Work required —
An exact copy of the entries is required, excluding any pictures.

Data entries —
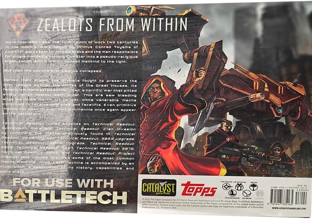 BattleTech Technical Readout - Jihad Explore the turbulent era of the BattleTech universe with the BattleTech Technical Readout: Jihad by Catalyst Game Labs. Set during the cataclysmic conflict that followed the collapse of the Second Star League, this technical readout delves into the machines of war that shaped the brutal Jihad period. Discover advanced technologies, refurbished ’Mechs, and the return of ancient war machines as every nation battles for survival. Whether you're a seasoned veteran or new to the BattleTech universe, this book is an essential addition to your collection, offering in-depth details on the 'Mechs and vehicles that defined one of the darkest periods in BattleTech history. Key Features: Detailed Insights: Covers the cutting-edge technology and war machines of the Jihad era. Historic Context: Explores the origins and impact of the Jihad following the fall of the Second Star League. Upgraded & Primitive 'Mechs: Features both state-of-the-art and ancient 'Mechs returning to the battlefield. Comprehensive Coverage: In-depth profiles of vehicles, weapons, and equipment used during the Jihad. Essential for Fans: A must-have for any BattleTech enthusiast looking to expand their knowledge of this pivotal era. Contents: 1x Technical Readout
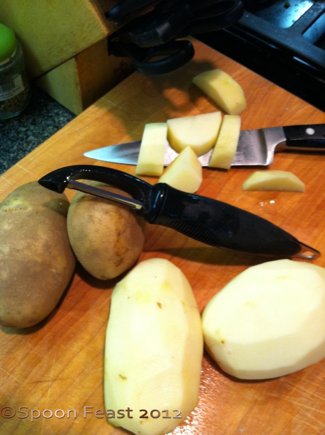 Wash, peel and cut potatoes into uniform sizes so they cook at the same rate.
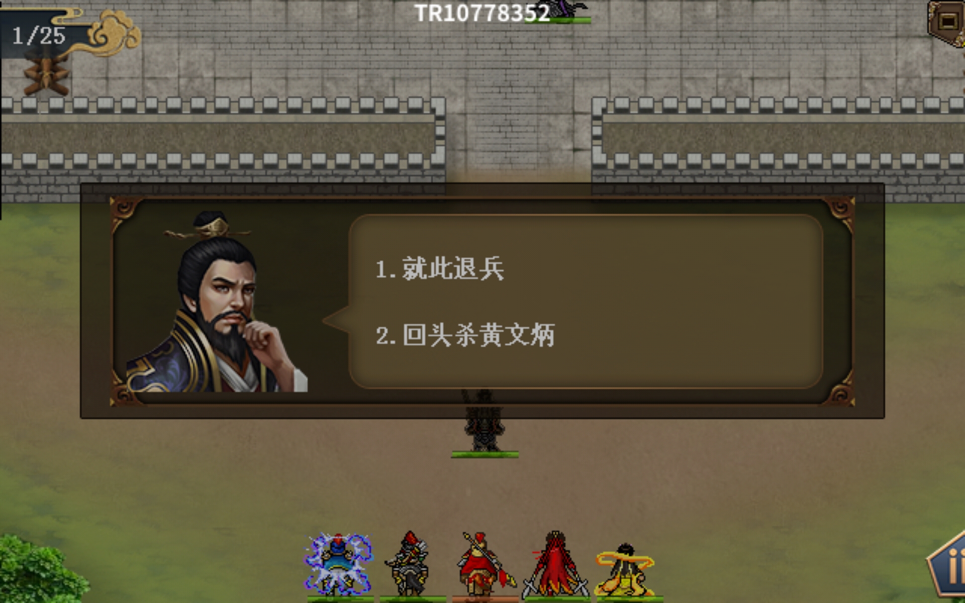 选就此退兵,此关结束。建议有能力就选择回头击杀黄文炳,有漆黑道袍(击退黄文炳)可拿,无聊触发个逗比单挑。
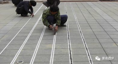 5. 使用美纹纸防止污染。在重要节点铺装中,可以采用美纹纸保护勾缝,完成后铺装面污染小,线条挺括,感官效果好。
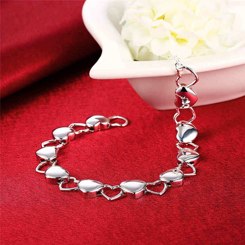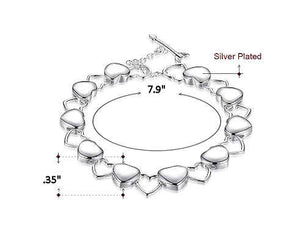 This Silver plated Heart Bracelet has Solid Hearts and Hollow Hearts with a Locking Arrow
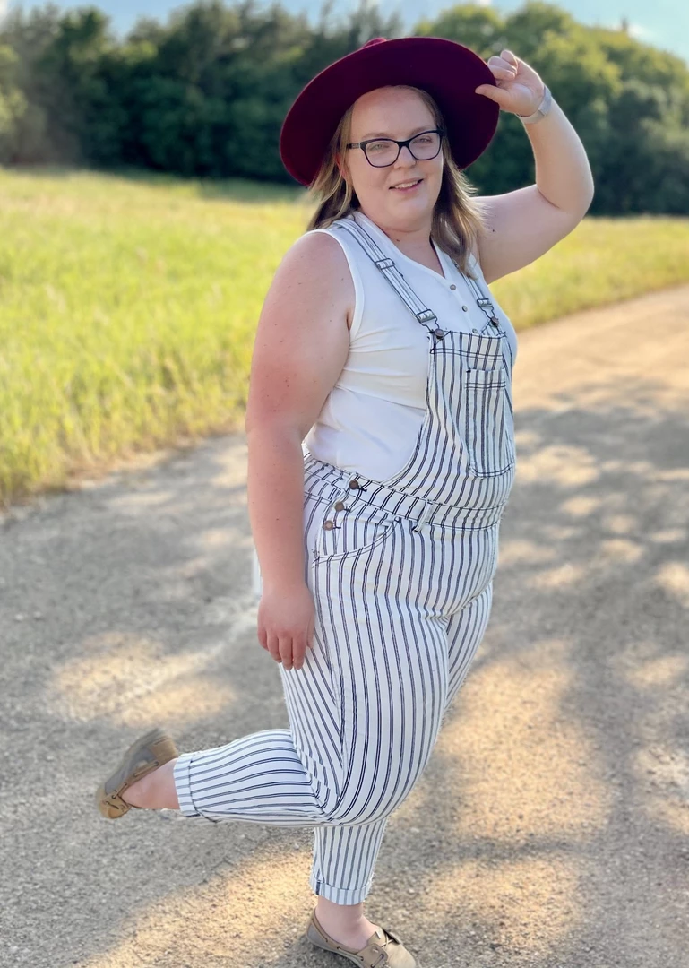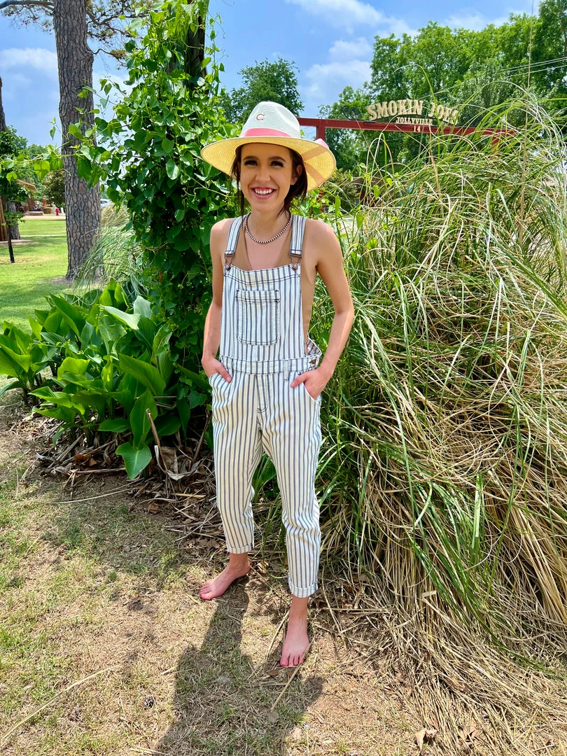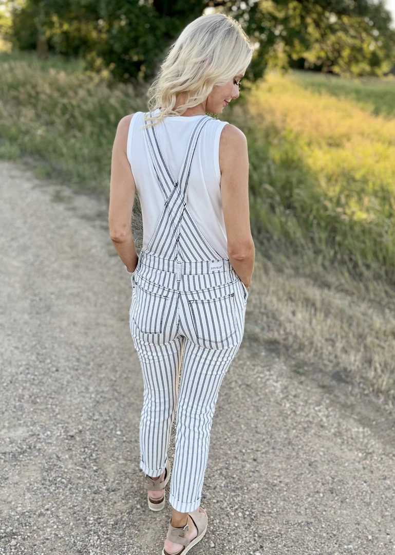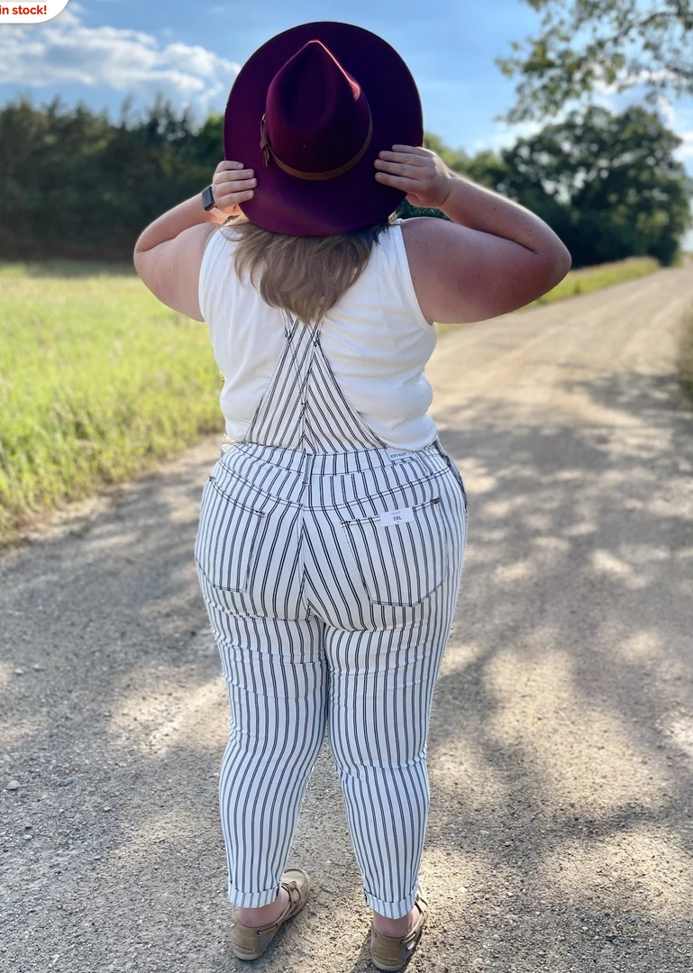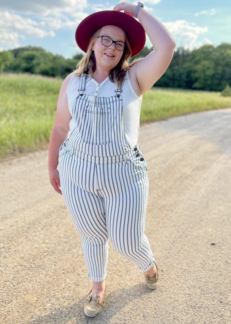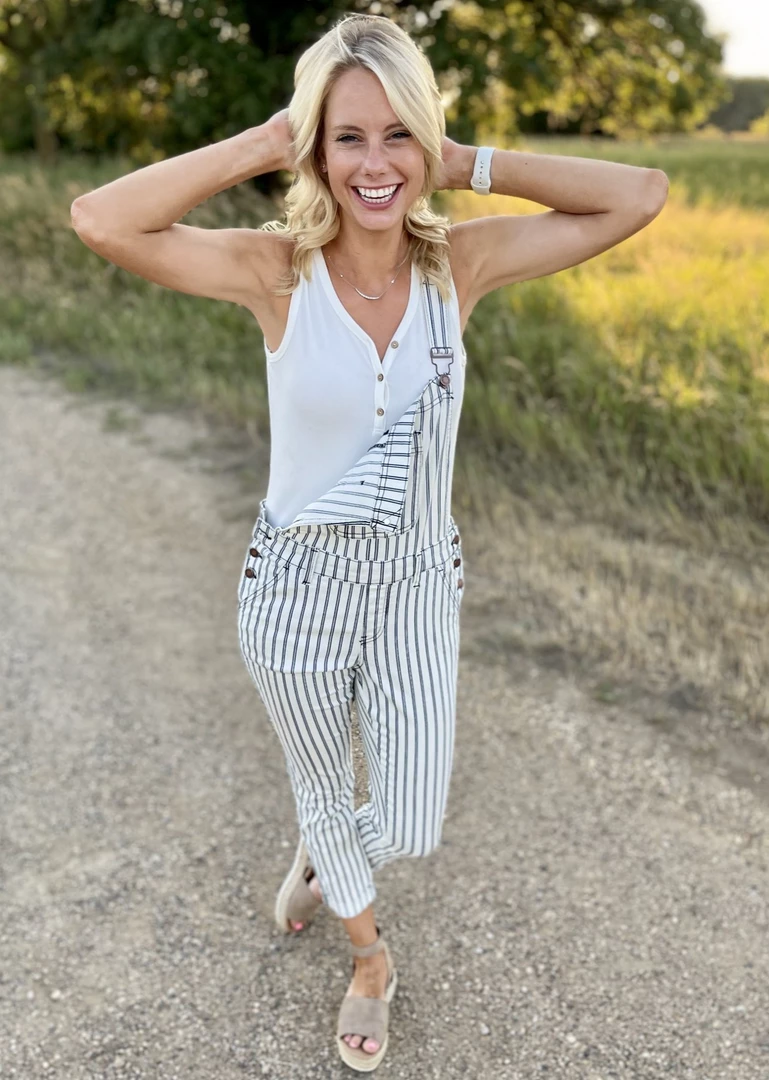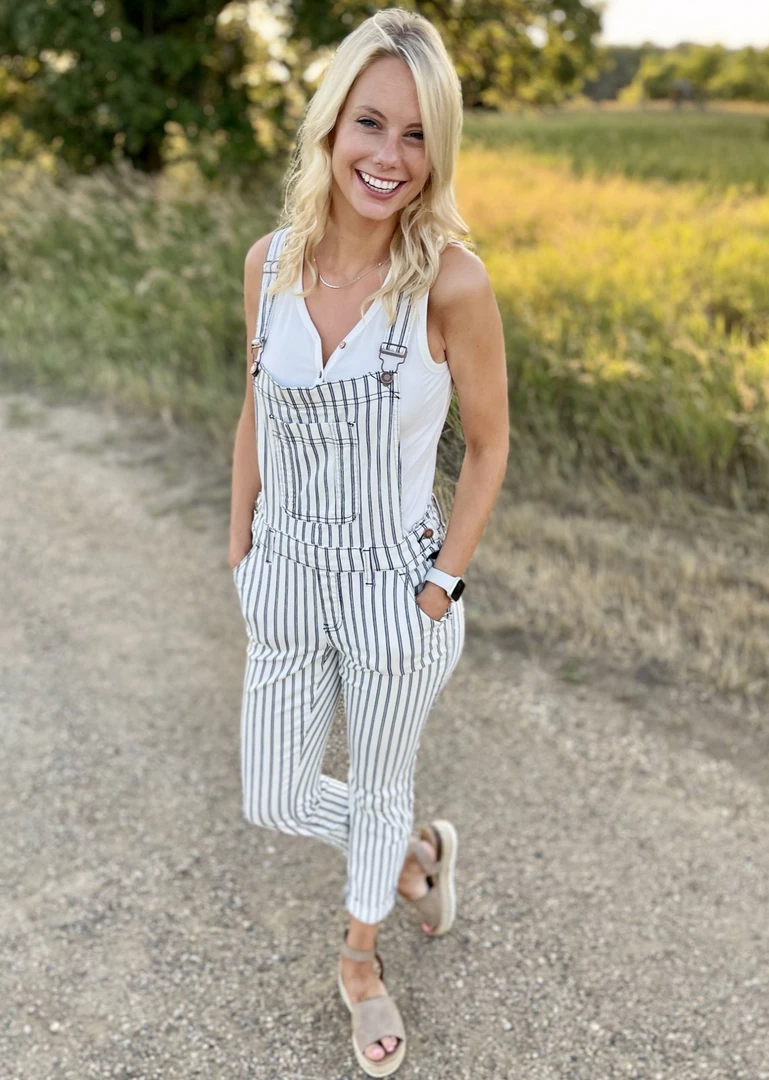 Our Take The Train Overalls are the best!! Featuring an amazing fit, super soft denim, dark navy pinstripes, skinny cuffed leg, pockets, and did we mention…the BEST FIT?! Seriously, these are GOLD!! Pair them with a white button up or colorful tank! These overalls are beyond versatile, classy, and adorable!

Output for this task —
 BattleTech Technical Readout - Jihad Explore the turbulent era of the BattleTech universe with the BattleTech Technical Readout: Jihad by Catalyst Game Labs. Set during the cataclysmic conflict that followed the collapse of the Second Star League, this technical readout delves into the machines of war that shaped the brutal Jihad period. Discover advanced technologies, refurbished ’Mechs, and the return of ancient war machines as every nation battles for survival. Whether you're a seasoned veteran or new to the BattleTech universe, this book is an essential addition to your collection, offering in-depth details on the 'Mechs and vehicles that defined one of the darkest periods in BattleTech history. Key Features: Detailed Insights: Covers the cutting-edge technology and war machines of the Jihad era. Historic Context: Explores the origins and impact of the Jihad following the fall of the Second Star League. Upgraded & Primitive 'Mechs: Features both state-of-the-art and ancient 'Mechs returning to the battlefield. Comprehensive Coverage: In-depth profiles of vehicles, weapons, and equipment used during the Jihad. Essential for Fans: A must-have for any BattleTech enthusiast looking to expand their knowledge of this pivotal era. Contents: 1x Technical Readout
 Wash, peel and cut potatoes into uniform sizes so they cook at the same rate.
 选就此退兵,此关结束。建议有能力就选择回头击杀黄文炳,有漆黑道袍(击退黄文炳)可拿,无聊触发个逗比单挑。
 5. 使用美纹纸防止污染。在重要节点铺装中,可以采用美纹纸保护勾缝,完成后铺装面污染小,线条挺括,感官效果好。
 This Silver plated Heart Bracelet has Solid Hearts and Hollow Hearts with a Locking Arrow
 Our Take The Train Overalls are the best!! Featuring an amazing fit, super soft denim, dark navy pinstripes, skinny cuffed leg, pockets, and did we mention…the BEST FIT?! Seriously, these are GOLD!! Pair them with a white button up or colorful tank! These overalls are beyond versatile, classy, and adorable!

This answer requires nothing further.